Essential Viewing for Fans of ‘The Hunger Games’: Part One

Suzanne Collins’s Hunger Games book series has often been compared with Stephenie Meyer’s Twilight novels, primarily because both center on a young female protagonist and has become phenomenons for their shared young-adult demo. This is arguably an insult to the novel and the big-screen adaptations since The Hunger Games is leagues above Twilight in artistic credibility. The sense of familiarity of The Hunger Games goes much further back, recalling everything from William Golding to Phillip K. Dick to even Stephen King. Here are 12 films that come highly recommended, and should be essential viewing for any fan of the Hunger Games franchise.



1. Battle Royale
Written and directed by Kinji Fukasaku
Japan, 2000

The concept of The Hunger Games owes much to Koushun Takami’s cult novel Battle Royale, adapted for the cinema in 2000 by Kinji Fukasaku. The film is set in a dystopian alternate-universe, in Japan, with the nation utterly collapsed, leaving 15 percent unemployed and 800,000 students boycotting school. The government passes something called the Millennium Educational Reform Act, which apparently provides for a class of ninth-graders to be chosen each year and pitted against one another on a remote island for 3 days. Each student is given a bag with a randomly selected weapon and a few rations of food and water and sent off to kill each other in a no-holds-barred fight to the death. With 48 contestants, only one will go home alive. Yes, this has been often cited as the original Hunger Games; whether or not Suzanne Collins borrowed heavily from Fukasaku’s near-masterpiece or the novel is ultimately unknown. In the end, it doesn’t matter since art has always imitated art. The fact is, both films share the same premise, but stand at opposite ends in tone, style, genre, and narrative shape.

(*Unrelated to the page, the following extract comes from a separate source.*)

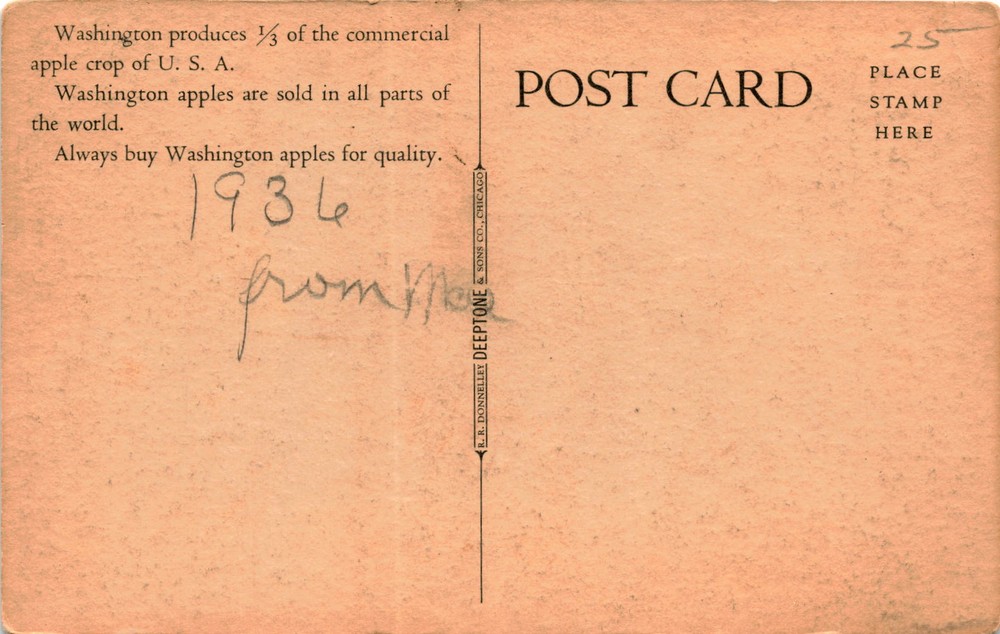MAKE AN OFFER. THE MORE YOU BUY THE BETTER DEAL I WILL ACCEPT This postcard features an image of an apple orchard in the Yakima Valley, Washington, from 1934. The text emphasizes Washington's significant role in apple production, stating that Washington produces three-quarters of the commercial apple crop in the United States. It also highlights the global reach of Washington apples, mentioning that they are sold worldwide and promoting them for their quality.

Battle Royale is part exploitation, part teen angst drama, part black comedy, and part survival thriller. This is about as bleak and cruel as they come, but it remains endlessly entertaining. Fukasaku’s direction is far from subtle, but like all great films, Battle Royale has something to say. This is a harsh critique and a darkly funny satire of a wide array of elements of modern Japanese society. Think of it as a cross between reality TV with Lord of the Flies. The targets of satire vary: there is the unsettling social commentary on our tolerance for violence and thoughtless self-preservation, Japan’s obsession with authority and obedience, how adults place far too much pressure on their children’s educational achievements and the obsession with violent video games and anime. But put aside the social commentary: Battle Royale is downright cartoonish, hilarious, and exciting. Even during the deliberately provocative violent teen-hunts, Fukasaku maintains the right tone, never slipping into seriousness or preachiness.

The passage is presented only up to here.